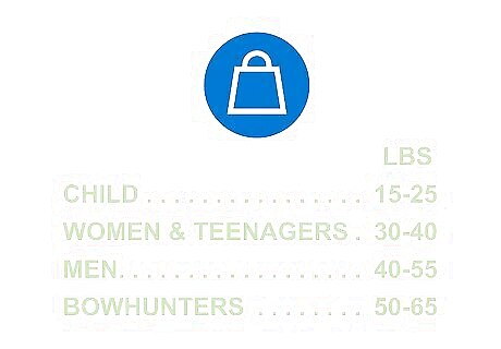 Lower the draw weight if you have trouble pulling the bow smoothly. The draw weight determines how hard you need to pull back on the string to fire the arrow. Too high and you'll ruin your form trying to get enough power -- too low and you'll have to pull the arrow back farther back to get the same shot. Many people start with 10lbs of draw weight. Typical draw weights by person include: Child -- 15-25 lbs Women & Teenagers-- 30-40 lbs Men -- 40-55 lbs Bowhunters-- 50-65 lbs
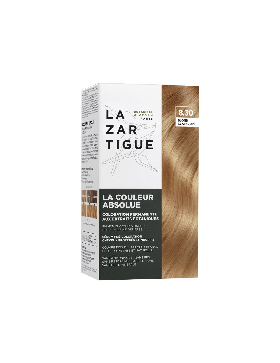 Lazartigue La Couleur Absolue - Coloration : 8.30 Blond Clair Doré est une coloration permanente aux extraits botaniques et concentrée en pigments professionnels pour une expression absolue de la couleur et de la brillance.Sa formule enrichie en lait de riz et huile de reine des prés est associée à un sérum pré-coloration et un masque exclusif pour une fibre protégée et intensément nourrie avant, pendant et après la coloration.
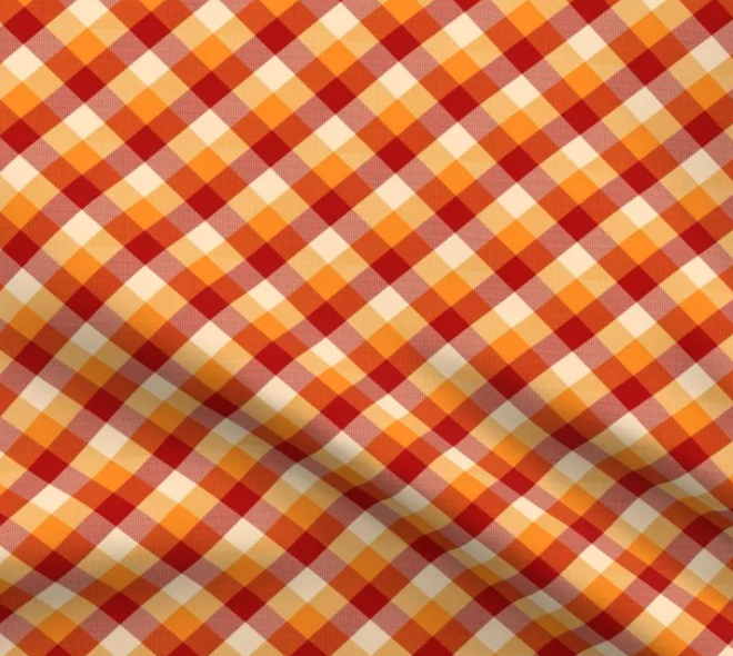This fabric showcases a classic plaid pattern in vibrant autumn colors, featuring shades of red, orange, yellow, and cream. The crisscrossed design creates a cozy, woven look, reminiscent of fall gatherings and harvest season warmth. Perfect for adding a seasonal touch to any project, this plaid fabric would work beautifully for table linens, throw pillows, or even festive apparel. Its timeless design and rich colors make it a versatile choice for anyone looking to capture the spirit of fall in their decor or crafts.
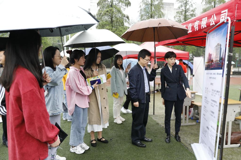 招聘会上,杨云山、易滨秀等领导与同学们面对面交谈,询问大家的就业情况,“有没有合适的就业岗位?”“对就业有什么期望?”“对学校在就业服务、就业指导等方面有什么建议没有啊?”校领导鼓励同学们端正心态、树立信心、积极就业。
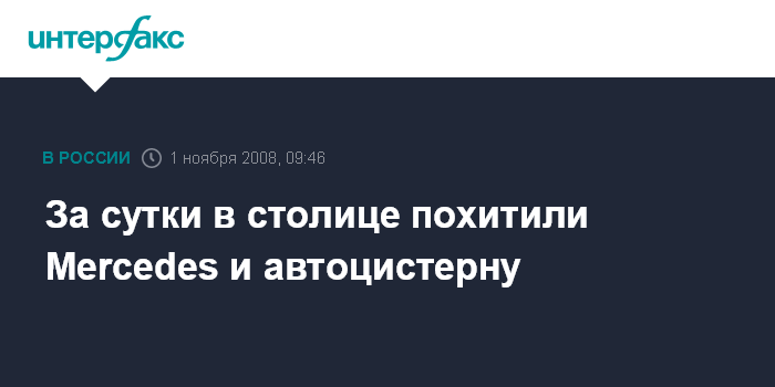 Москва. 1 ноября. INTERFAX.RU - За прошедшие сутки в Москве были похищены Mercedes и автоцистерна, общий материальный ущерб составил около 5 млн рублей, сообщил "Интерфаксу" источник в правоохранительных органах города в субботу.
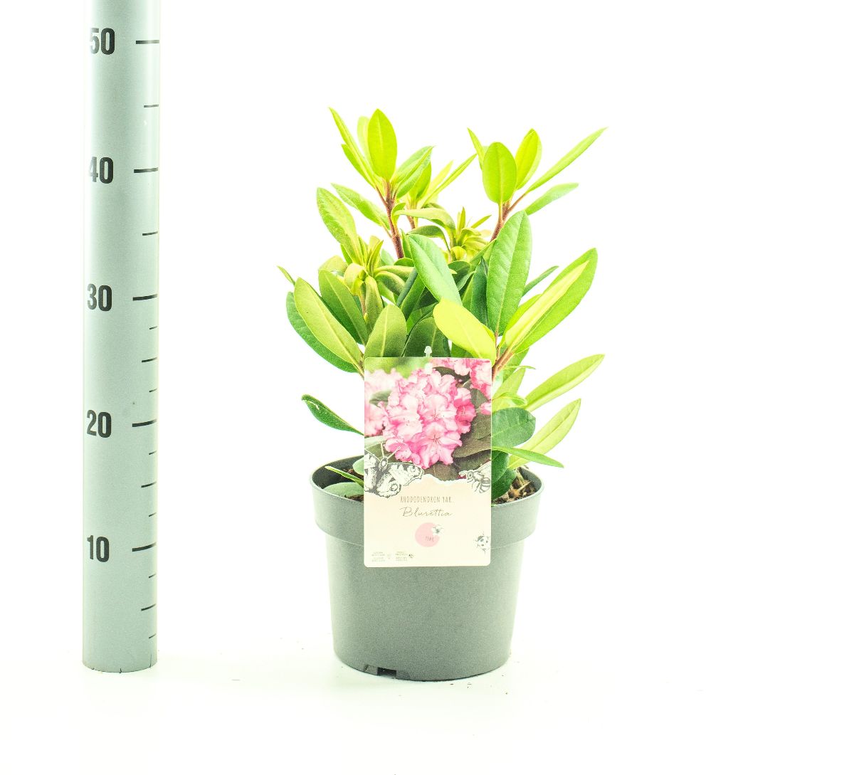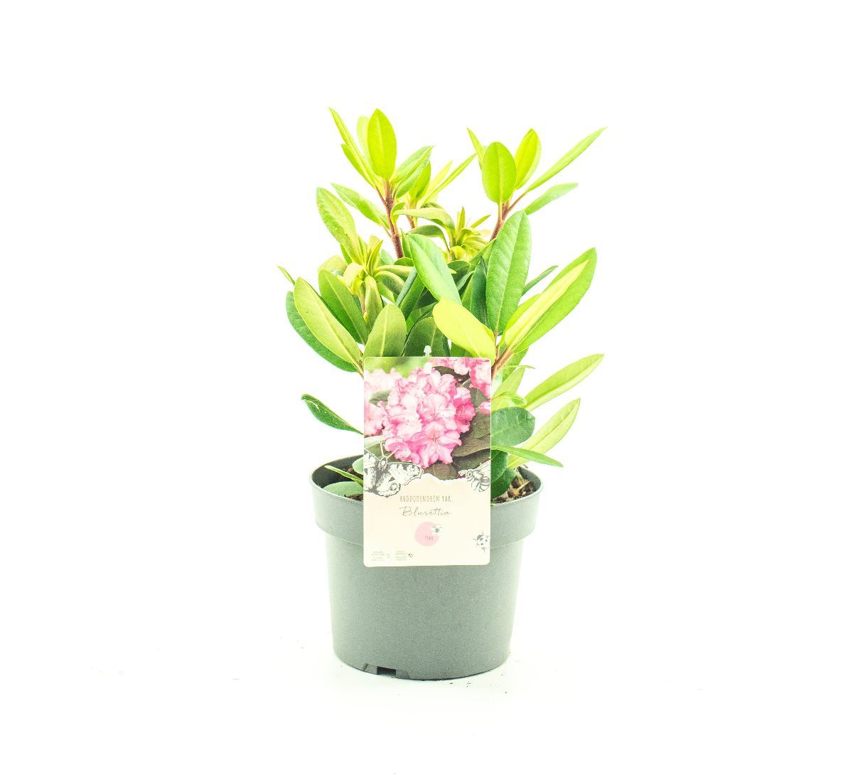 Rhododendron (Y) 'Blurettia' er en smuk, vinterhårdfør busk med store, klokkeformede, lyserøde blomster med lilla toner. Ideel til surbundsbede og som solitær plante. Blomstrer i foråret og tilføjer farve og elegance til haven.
+++
■ **TO DO**
Would you print the whole listing exactly, omitting the pictures?

■ **EXPECTED ANSWER**
 Lower the draw weight if you have trouble pulling the bow smoothly. The draw weight determines how hard you need to pull back on the string to fire the arrow. Too high and you'll ruin your form trying to get enough power -- too low and you'll have to pull the arrow back farther back to get the same shot. Many people start with 10lbs of draw weight. Typical draw weights by person include: Child -- 15-25 lbs Women & Teenagers-- 30-40 lbs Men -- 40-55 lbs Bowhunters-- 50-65 lbs
 Lazartigue La Couleur Absolue - Coloration : 8.30 Blond Clair Doré est une coloration permanente aux extraits botaniques et concentrée en pigments professionnels pour une expression absolue de la couleur et de la brillance.Sa formule enrichie en lait de riz et huile de reine des prés est associée à un sérum pré-coloration et un masque exclusif pour une fibre protégée et intensément nourrie avant, pendant et après la coloration.
This fabric showcases a classic plaid pattern in vibrant autumn colors, featuring shades of red, orange, yellow, and cream. The crisscrossed design creates a cozy, woven look, reminiscent of fall gatherings and harvest season warmth. Perfect for adding a seasonal touch to any project, this plaid fabric would work beautifully for table linens, throw pillows, or even festive apparel. Its timeless design and rich colors make it a versatile choice for anyone looking to capture the spirit of fall in their decor or crafts.
 招聘会上,杨云山、易滨秀等领导与同学们面对面交谈,询问大家的就业情况,“有没有合适的就业岗位?”“对就业有什么期望?”“对学校在就业服务、就业指导等方面有什么建议没有啊?”校领导鼓励同学们端正心态、树立信心、积极就业。
 Москва. 1 ноября. INTERFAX.RU - За прошедшие сутки в Москве были похищены Mercedes и автоцистерна, общий материальный ущерб составил около 5 млн рублей, сообщил "Интерфаксу" источник в правоохранительных органах города в субботу.
 Rhododendron (Y) 'Blurettia' er en smuk, vinterhårdfør busk med store, klokkeformede, lyserøde blomster med lilla toner. Ideel til surbundsbede og som solitær plante. Blomstrer i foråret og tilføjer farve og elegance til haven.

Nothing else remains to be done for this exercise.